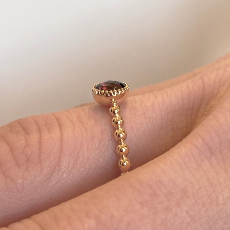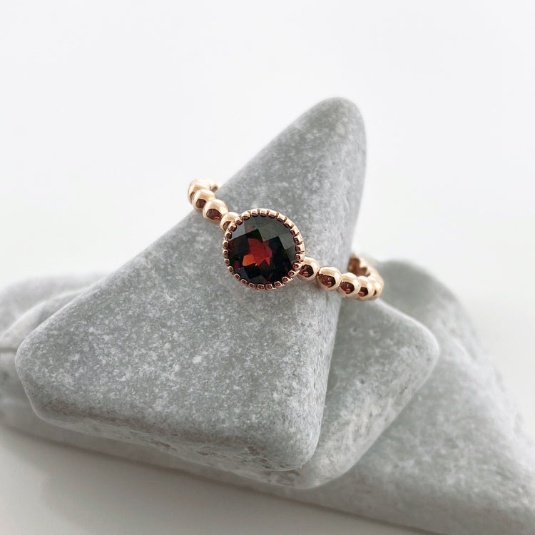 This 14k rose gold ring features a round checkerboard cut 1.14 ct garnet set low in a beaded bezel setting. The band is beaded almost entirely for added detail.
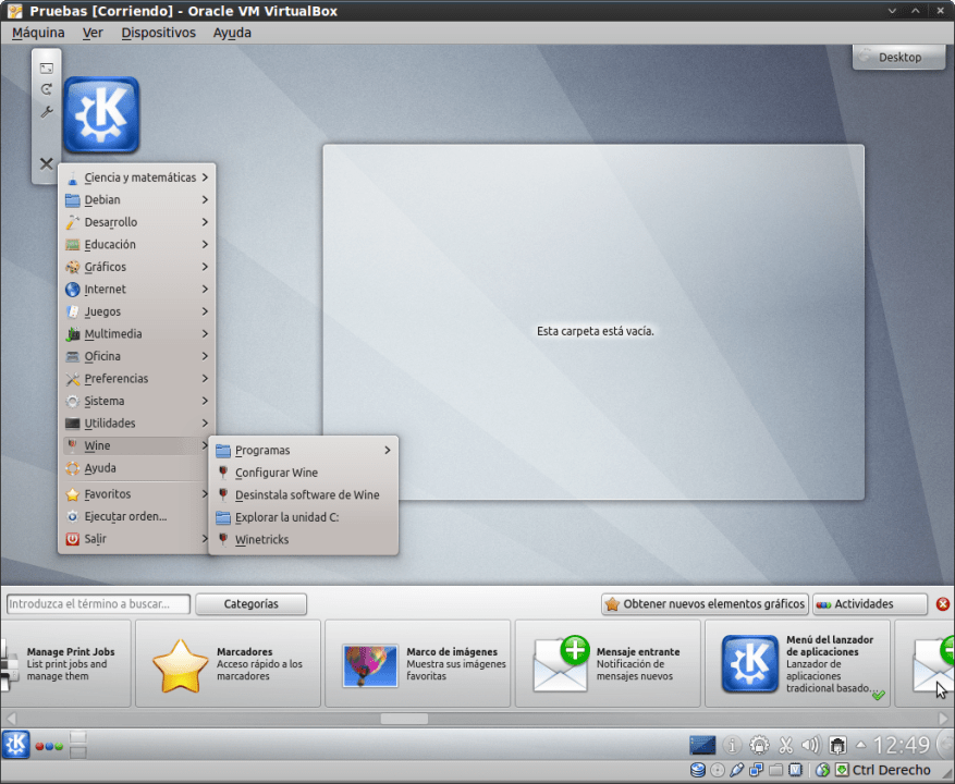 La segunda imagen corresponde al sistema Kubuntu 12.10, tuneado con mis aplicaciones favoritas, que he añadido clonando otra instalación anterior con ayuda de Synaptic, ya instalado en la máquina virtual a partir del ISO live y en el que estoy poniendo en el escritorio elementos gráficos que me interesan. En particular pongo un botón de arranque de aplicaciones, que me parece más sencillo que el botón de arranque que trae el KDE por defecto.
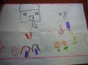 MY MUMMY TOOK ME TO SEE HAIRY COWS. THEY WERE IN A FIELD. THEY WERE EATING GRASS. THEY HAD BIG HORNS. (SANDY WISHART AGE 2 LOOKING AT A BOOK ABOUT SCOTLAND DURING SCOTTISH WEEK)

Task prompt. Keep the pictures out of your answer, which should be the lines from the one with "La segunda imagen" through the final line of the data, copied exactly.

Answer to this exercise.
 La segunda imagen corresponde al sistema Kubuntu 12.10, tuneado con mis aplicaciones favoritas, que he añadido clonando otra instalación anterior con ayuda de Synaptic, ya instalado en la máquina virtual a partir del ISO live y en el que estoy poniendo en el escritorio elementos gráficos que me interesan. En particular pongo un botón de arranque de aplicaciones, que me parece más sencillo que el botón de arranque que trae el KDE por defecto.
 MY MUMMY TOOK ME TO SEE HAIRY COWS. THEY WERE IN A FIELD. THEY WERE EATING GRASS. THEY HAD BIG HORNS. (SANDY WISHART AGE 2 LOOKING AT A BOOK ABOUT SCOTLAND DURING SCOTTISH WEEK)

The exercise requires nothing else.